# Resources > Education Center >  >  Knowledge Base?

## Kaniaz

Just an idea I had floating around, but I think I'll post it - this forum seems to of had a burst of life, then died off very fast. Anyway, the idea I had was a sort of googlesque system - a knowledge base. If you've ever seen them, it's basically a database of questions, with anwsers. It's actually quite useful. e.g:

*Knowledge Base Question #1*

*Q:* What makes a dream a lucid dream?
*A:* A dream is classified as a Lucid Dream when you are aware you are dreaming. Control is not required.

*Keywords/Phrases:* what is a lucid dream

If a person had that kind of question, they could search for:

*what is a lucid dream* (or *lucid dream*, etc).

And that could come up.

Anyway, it would be alot of work for icedawg, obviously, but I'm sure there is an open source knowledge base software out there. An upside would be you could easily build up a nice FAQ-like system.
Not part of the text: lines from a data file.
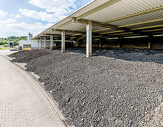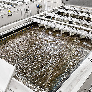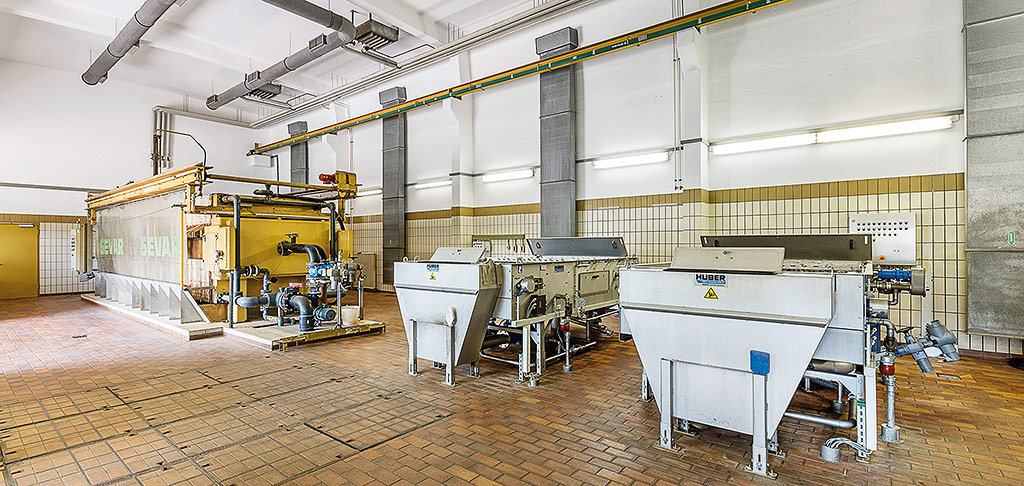 Der in der Kammerfilterpresse entwässerte Schlamm wird beim Öffnen der Presse in den Schlammbunker abgeworfen, von dort über einen Trogketten- und Steilförderer zur Schlammlagerhalle gefördert. Dort wird er bis zur endgültigen Verwertung zwischengelagert. Das abgetrennte Wasser (Filtrat) wird wegen seiner relativ hohen Belastung wieder der Abwasserreinigung zugegeben.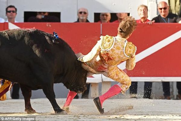 Đấu sĩ bò tót người Pháp Andy bị bò tót tấn công thừa sống thiếu chết.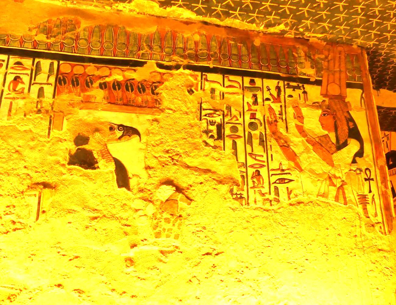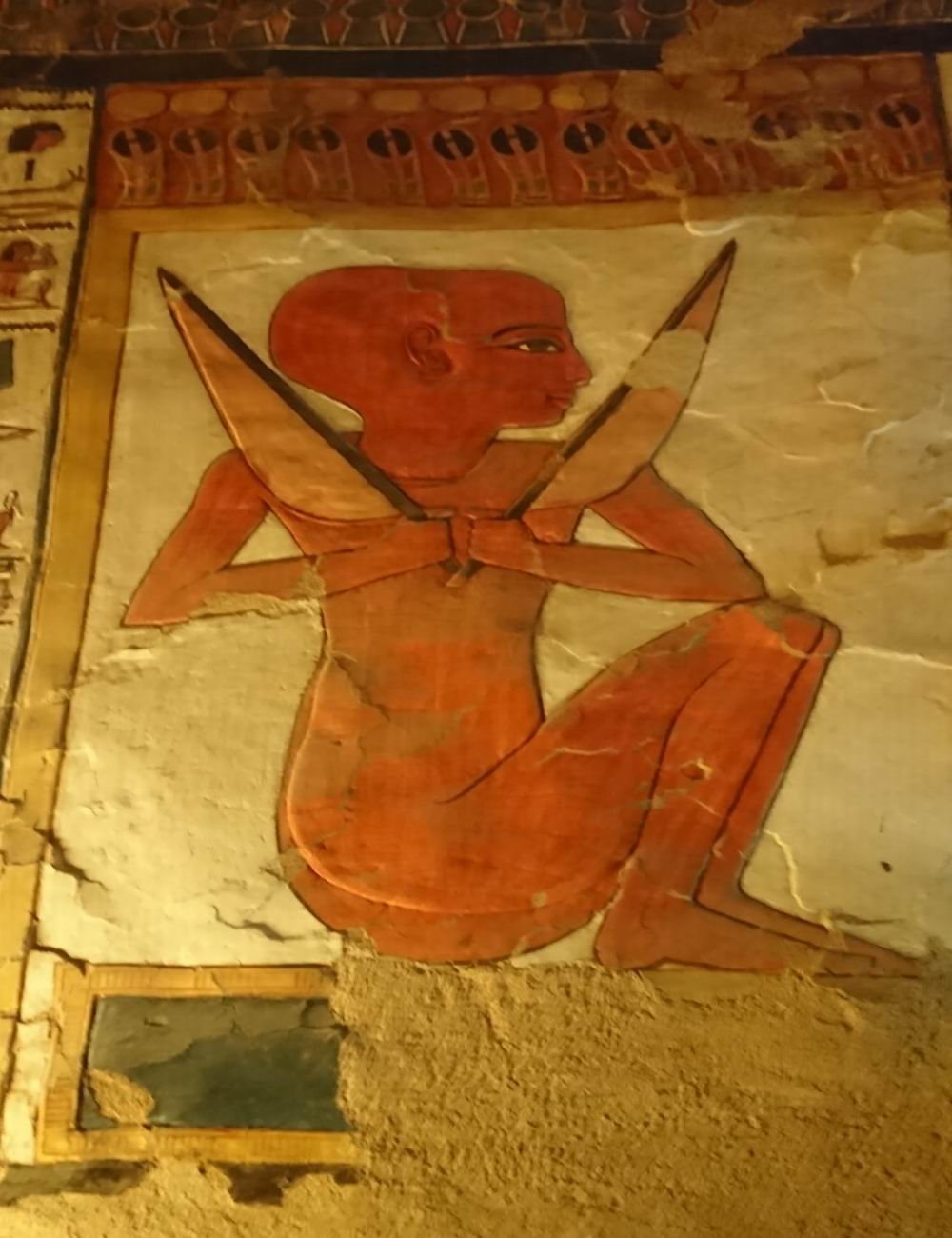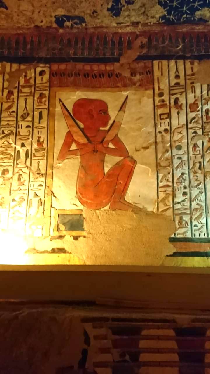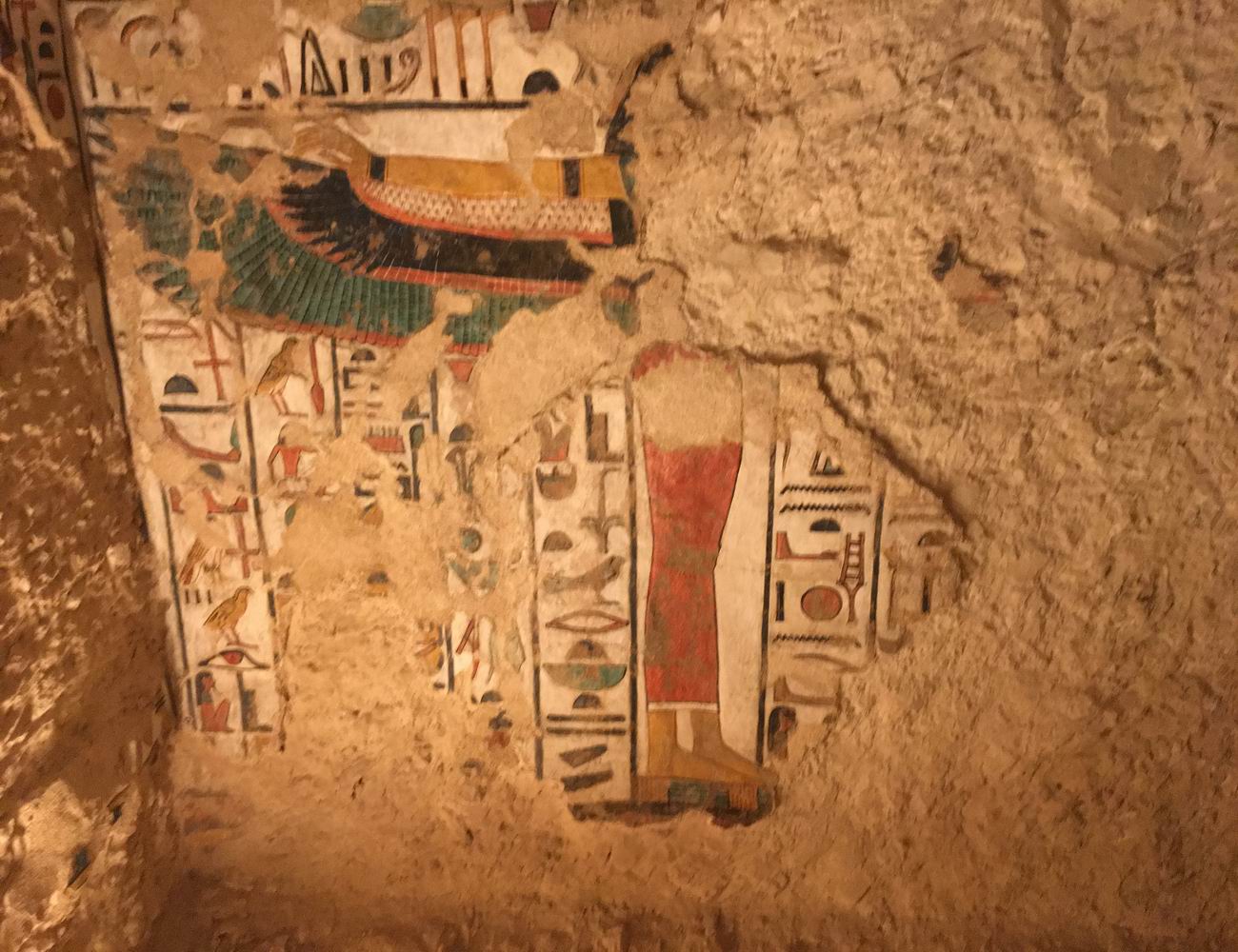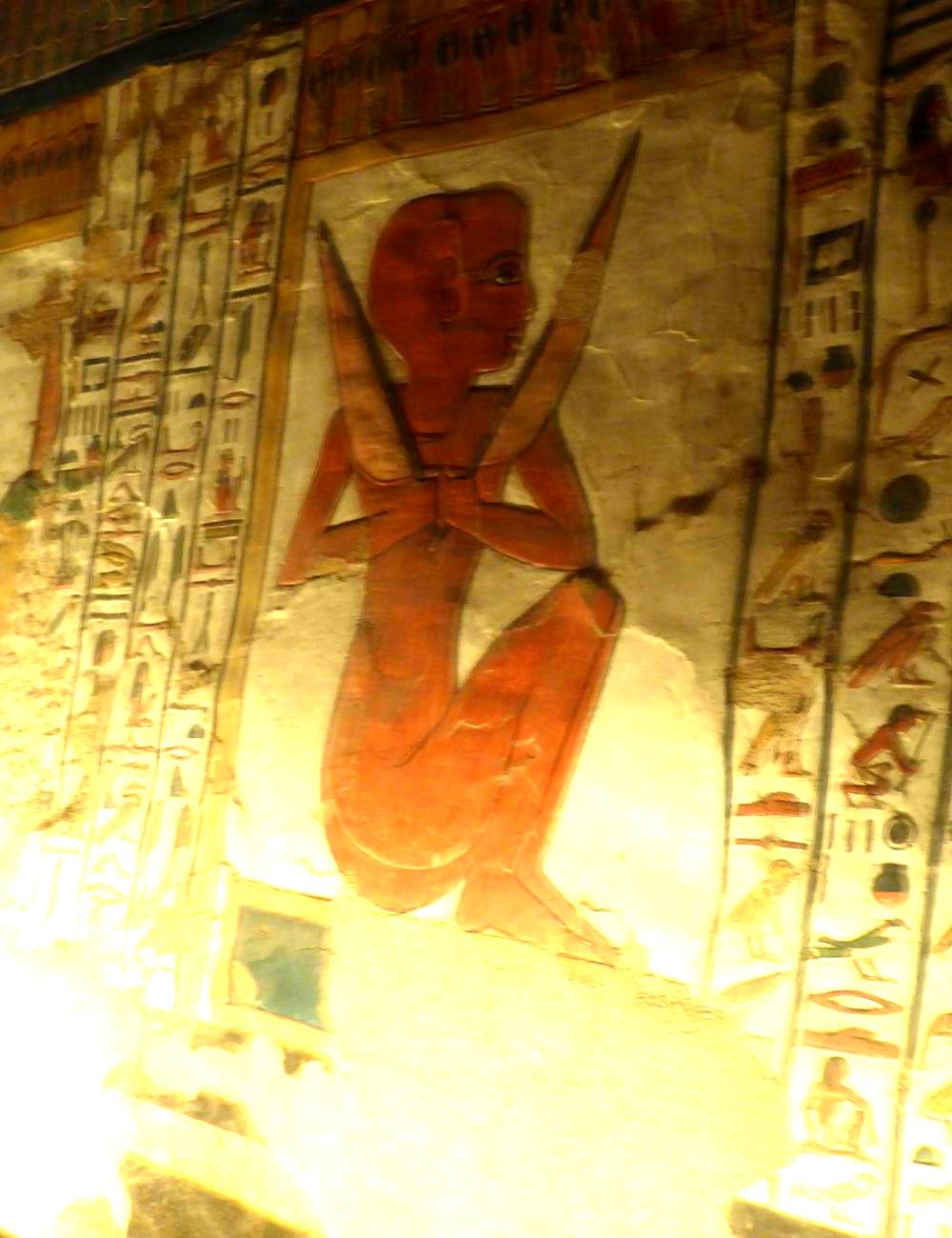 | Le mur du fond nous montre la déesse Maât, debout les bras ailés déployés pour protéger. | ||||||||||||

Probably a system with alot of flaws, but I thought I'd post it anyway.

----------


## Demerzel

[EXAMPLE]

Good idea.

----------


## Demerzel

Lo. If it's OK with icedawg, I'd be happy to code this for the forum. I'm looking for something to do  :tongue2:

----------


## lord soth

lol, good idea. 

kanaiz, that limecat avatar is awesome!

----------